Polyneuropathy associated with monoclonal gammopathy of undetermined significance

Further evidence that IgM-MGUS neuropathies are different than IgG-MGUS

Guillermo A. Suarez, MD and John J. Kelly, Jr., MD

Department of Neurology, Tufts-New England Medical Center, Boston, MA.

We evaluated the clinical characteristics and electromyographic features of 39 patients with monoclonal gammopathy of undetermined significance (MGUS) and neuropathy. Twenty-three patients had a monoclonal IgM protein, 13 had an IgG, and three had an IgA. In 15 patients of the IgM group, the M protein reacted with myelin-associated glycoprotein (MAG). Comparing IgM-MGUS and IgG-MGUS neuropathies, we found the following differences: (1) There was a statistically significant higher frequency of sensory loss in the IgM group. (2) Nine attributes of nerve conduction abnormality were statistically worse in the IgM group, with slowing of conduction velocities and prolonged distal latencies. (3) The frequency of monoclonal IgM was overrepresented in the MGUS neuropathy group. In general, the clinical and electrophysiologic features of the IgM-MGUS MAG-reactive group were not significantly different than the MAG-nonreactive group. Our cases are similar to those previously reported and suggest that monoclonal IgM-MGUS should be separated conceptually from monoclonal IgG neuropathies.

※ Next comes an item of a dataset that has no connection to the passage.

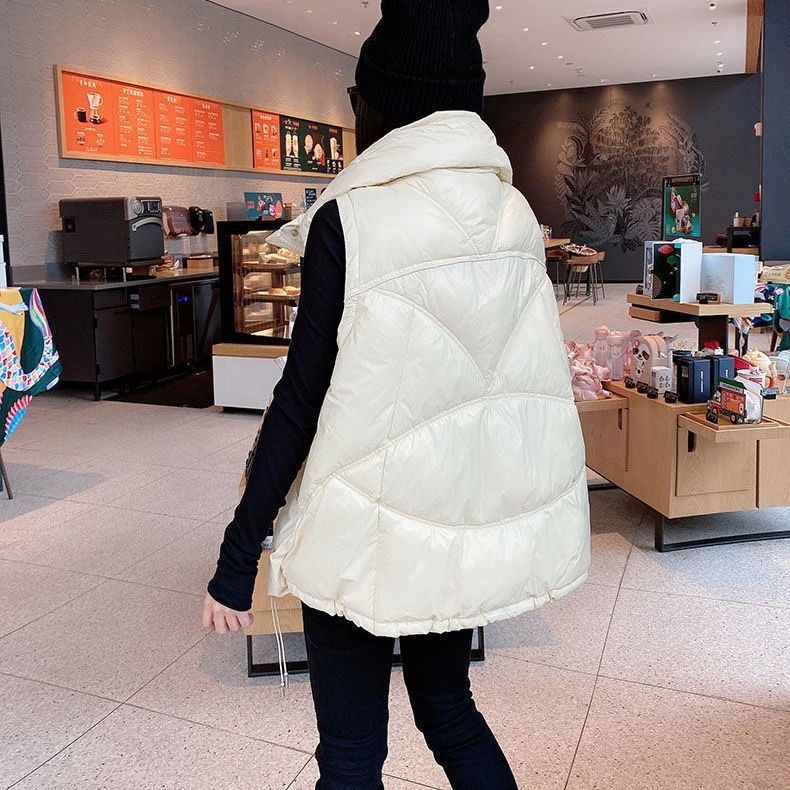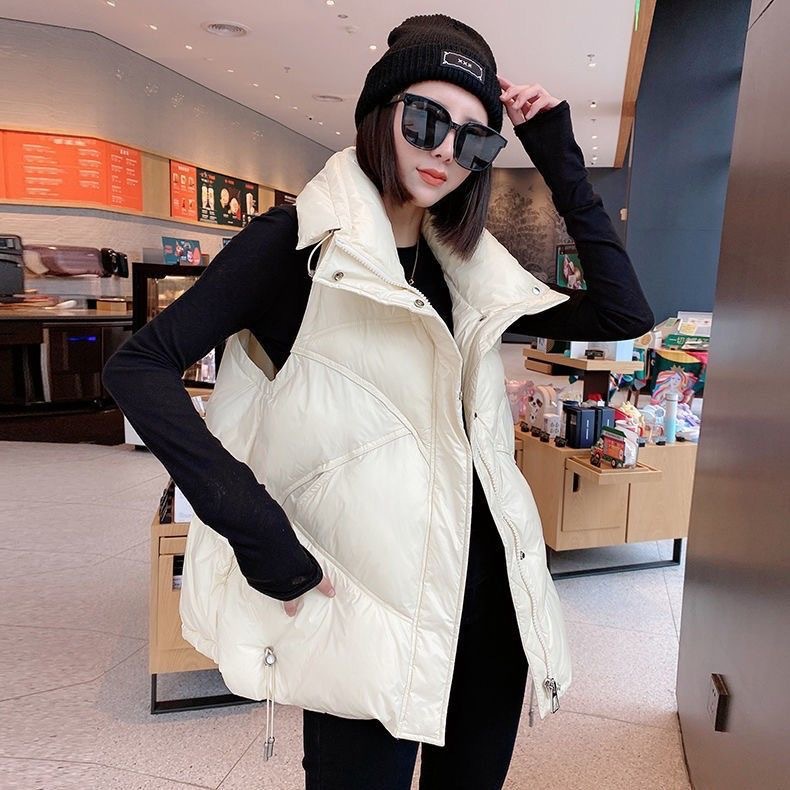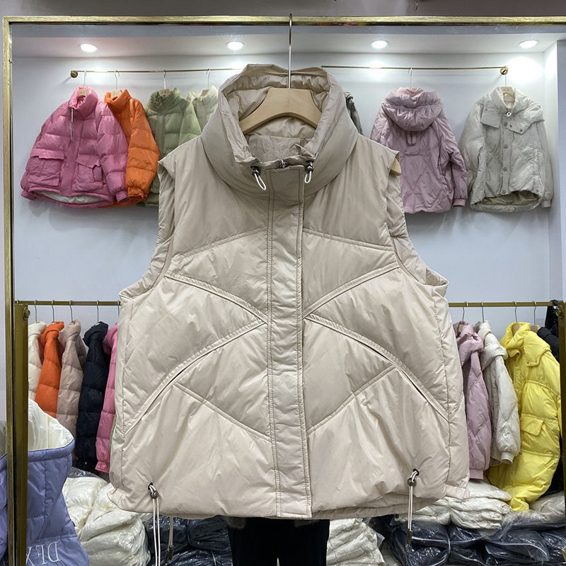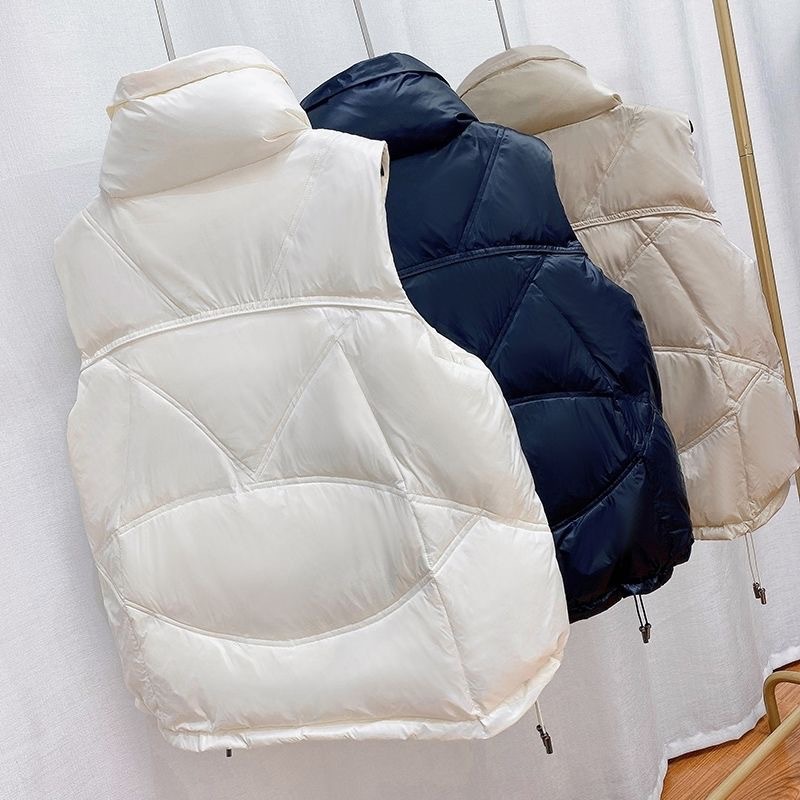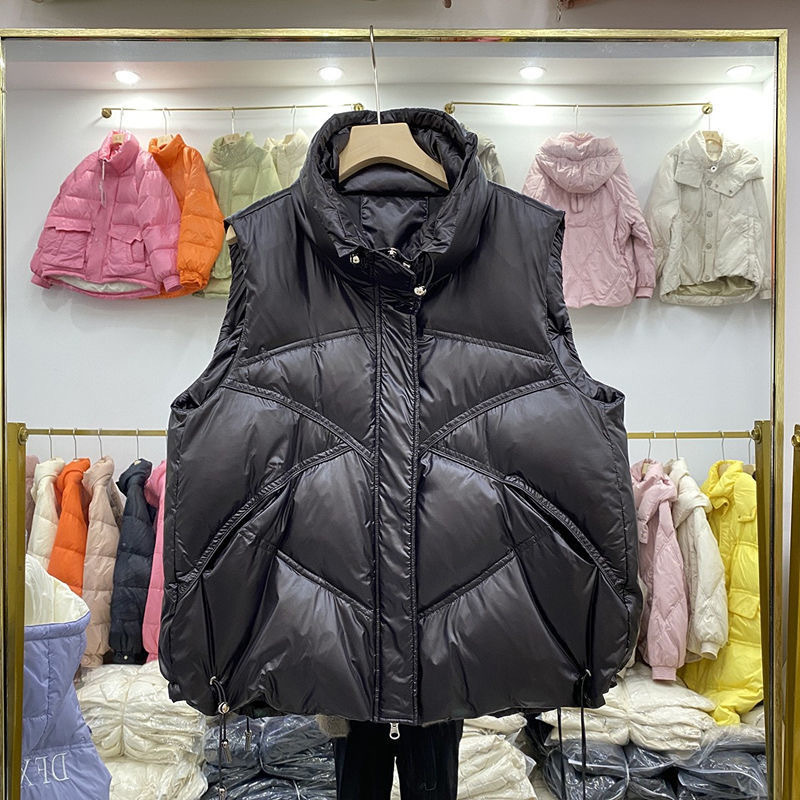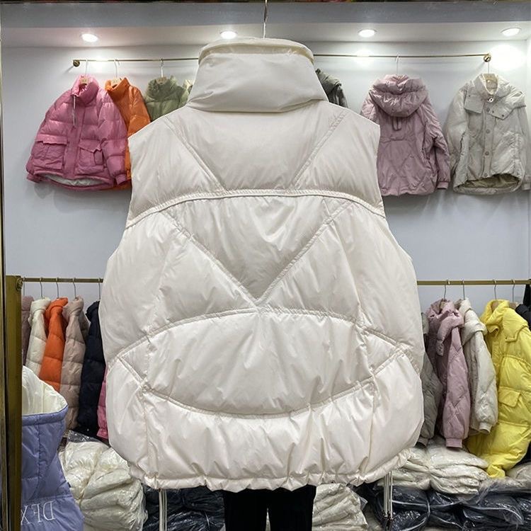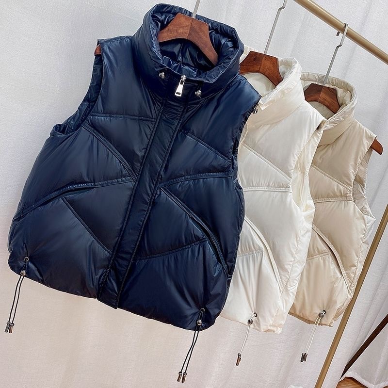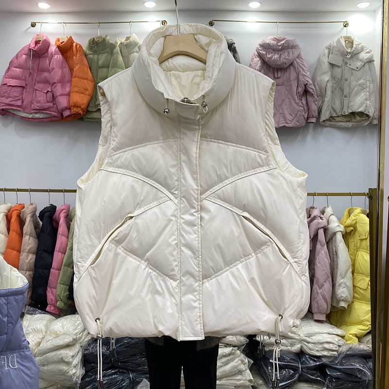 2023 시즌 새로운 화이트 오리 양털 여성용 조끼 보이지 않는 포켓 모든 매치 세련된 짧은 다운 재킷 조끼 겉옷 작은

Presented in part at the 44th annual meeting of the American Academy of Neurology, San Diego, CA, May 1992.

Address correspondence and reprint requests to Dr. Guillermo A. Suarez, Mayo Clinic, Peripheral Nerve Center, 200 First Street SW, Rochester, MN 55905.

Supported in part by a grant from the Muscular Dystrophy Association.

Received August 28,1992. Accepted for publication in final form November 12, 1992.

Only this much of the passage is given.